The aims of the Magnificent CEvNS workshop, named after the Hollywood Western, are to bring together the broad community of researchers working on CEvNS and promote student engagement and connection among experimentalists, theorists and phenomenologists in this new field. The first workshop was held in 2018 in Chicago, and the most recent in Munich from 22 to 24 March with 96 participants.
Examining CEvNS opens a multitude of promising ways to look for BSM interactions. Improved limits on generalised neutrino interactions, new light mediators and sterile neutrinos derived from the complete COHERENT dataset were presented. These data enable the nuclear radius to be probed in a new way. More physics potential was highlighted in talks showing limits on the Weinberg angle and dark matter (axion-like particles). Notable advances by reactor experiments include new limits on CEvNS on germanium by the CONUS and NuGen experiments, which disagree with the previously published Dresden-II results.
The talks underlined the large experimental effort toward a complete mapping of the neutron and energy dependence of the CEvNS cross section. The observation of CEvNS on CsI and Ar by the COHERENT experiment will be complemented with future measurements on targets ranging from light (sodium) to heavy (tungsten) elements in COHERENT and new facilities such as NUCLEUS and Ricochet. Precision will be achieved by increasing statistics in CEvNS events with larger target masses, lower detection thresholds and increased neutrino flux. Reducing systematic effects by characterising backgrounds and detector responses is also critical. The growing precision will trigger studies on BSM physics in the near future, complementing high-energy experimental efforts.
A half-day satellite workshop “Into the Blue Sky” was dedicated to new ideas related to the CEvNS community. These included measurements of neutrino-induced fission, and detector concepts based on latent damage to the crystalline structure of minerals and superconducting crystals. The workshop was followed by a school organised by the Collaborative Research Center “Neutrinos and Dark Matter in Astro- and Particle Physics” at TU Munich from 27 to 29 March.
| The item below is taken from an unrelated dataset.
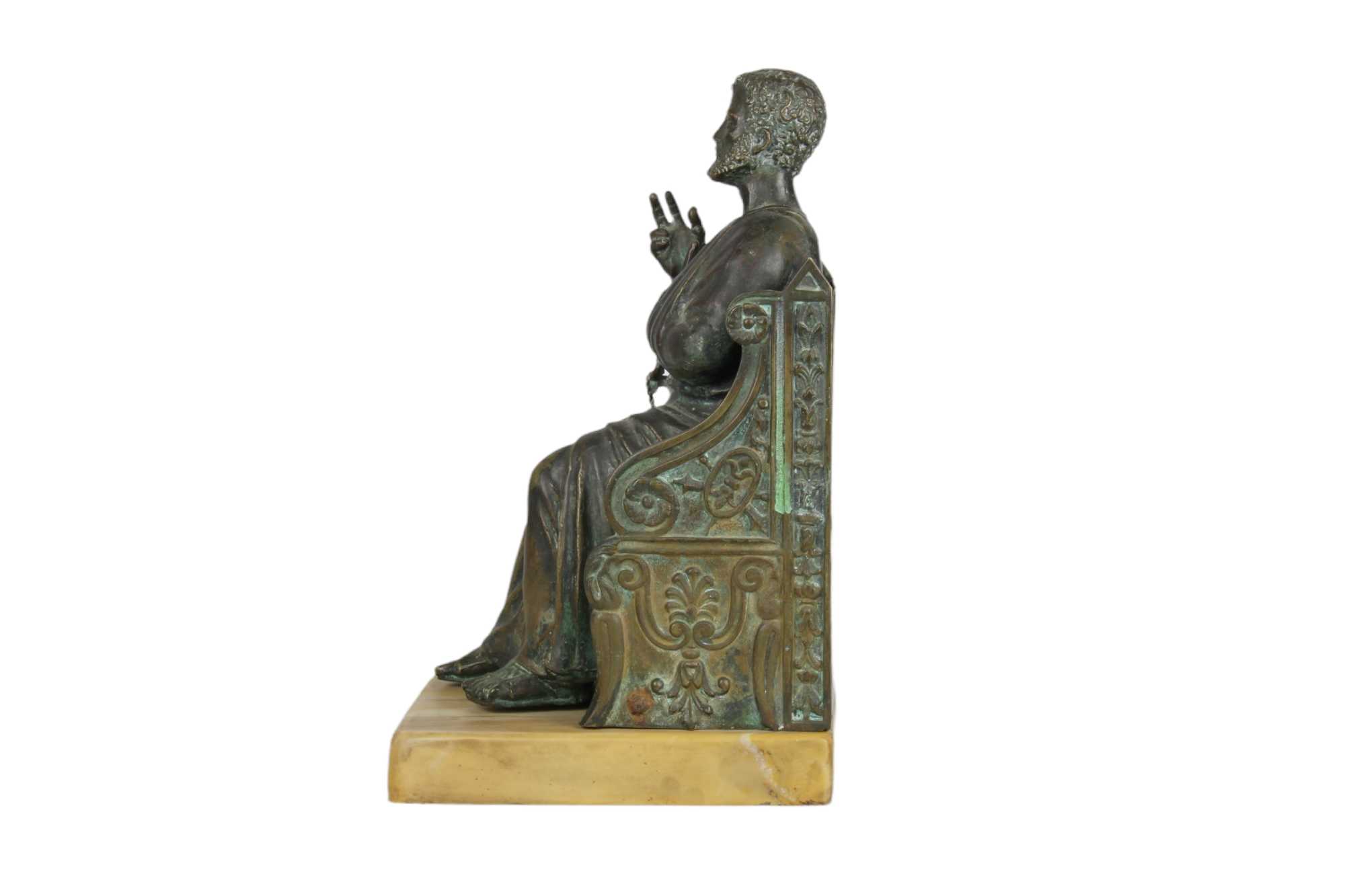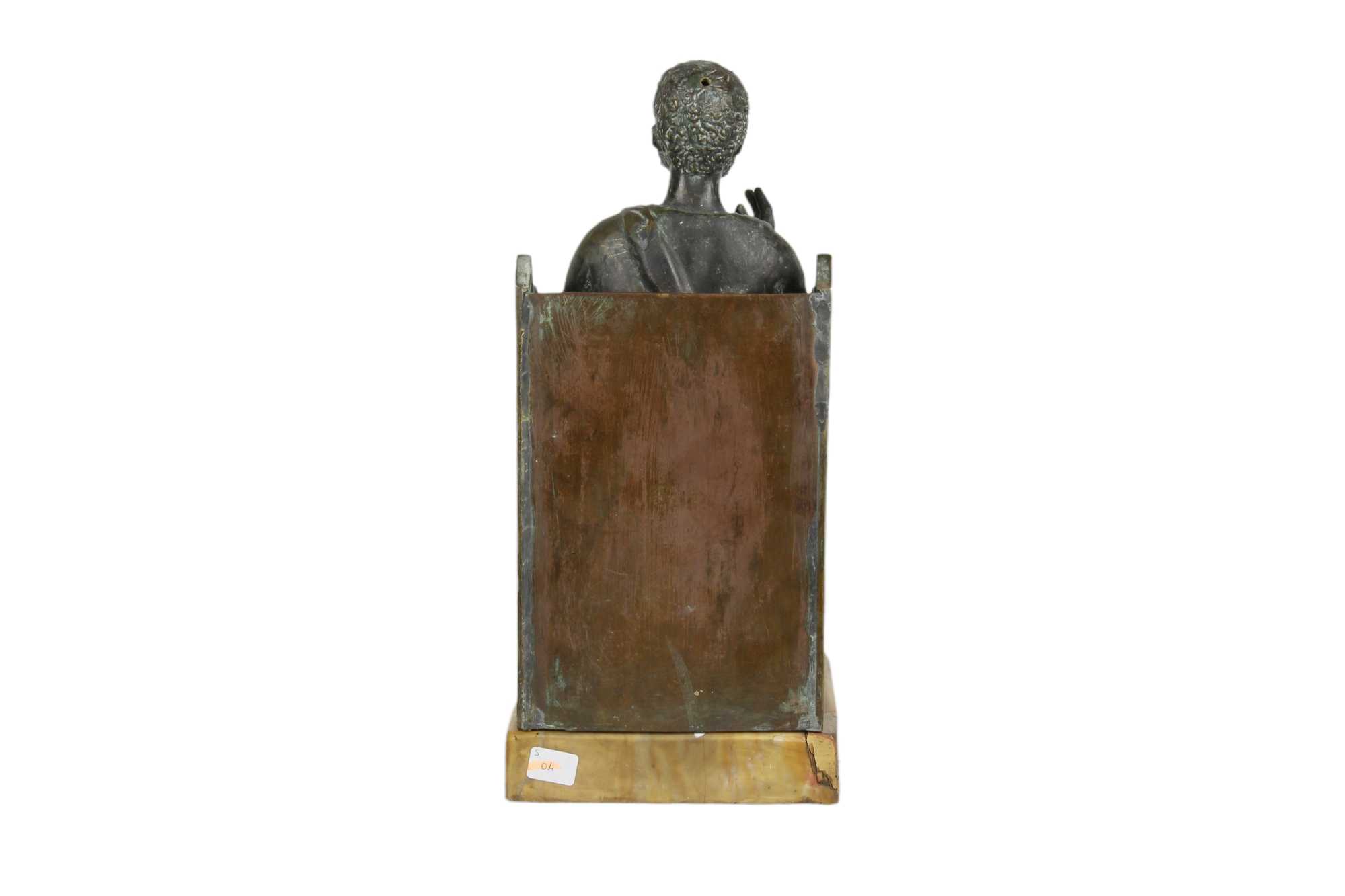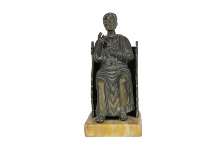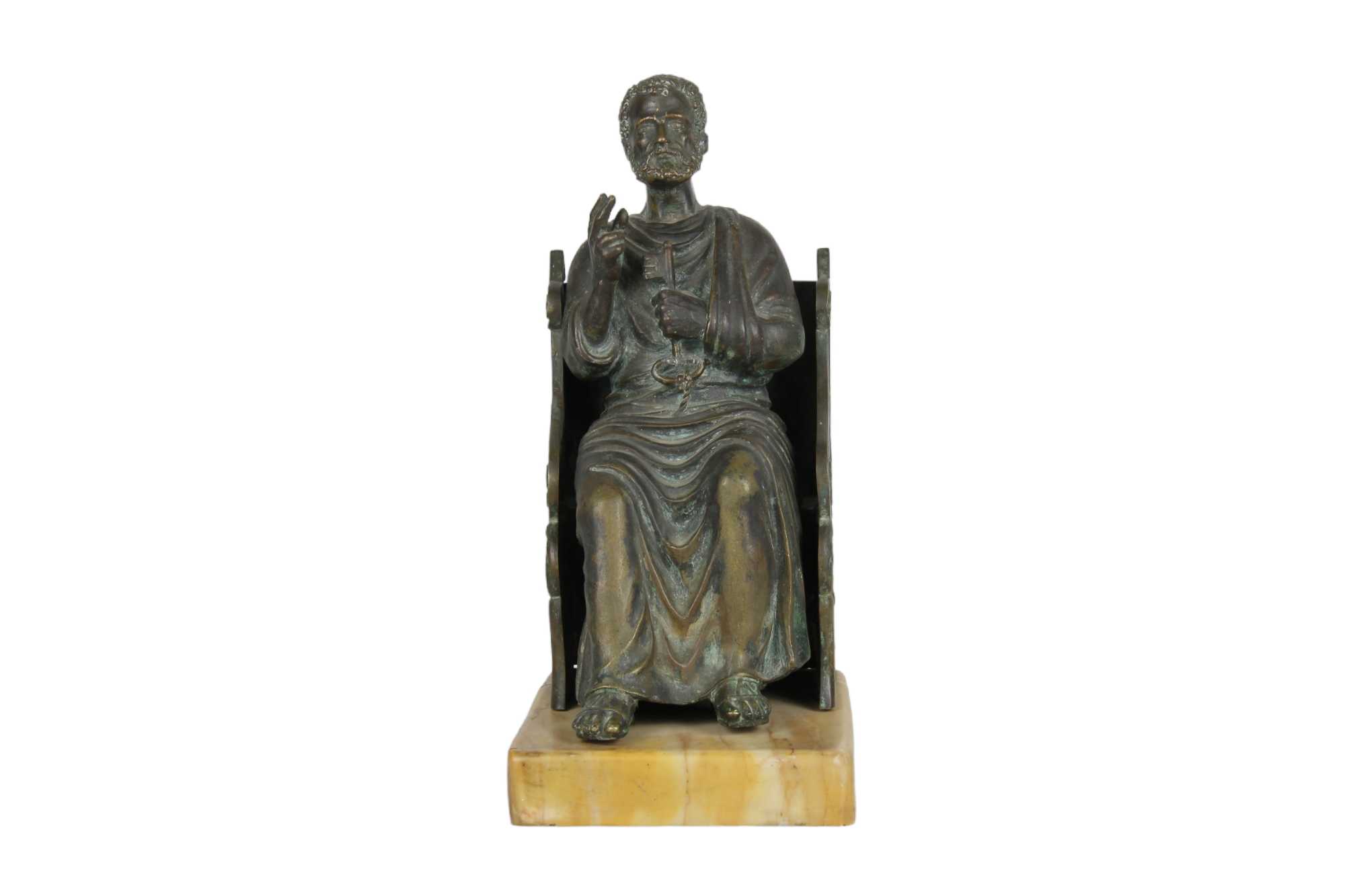 SCULTURA in bronzo patinato raffigurante San. Pietro base in marmo giallo di Siena manifattura italiana periodo Gran Tour Roma XIX secolo h cm 33 x 15 x 20

Six lectures covered the fundamentals of low-energy neutrino physics with a focus on CEvNS, backgrounds, neutrino sources and detectors. The 40 participants then applied this knowledge by creating a fictional micro-CEvNS experiment.
Half a century since it was proposed theoretically, the physics accessible with CEvNS is proving to be extensive. The next Magnificent CEvNS workshop will take place next year at a new location and the participants are looking forward to further exploration of the CEvNS frontier.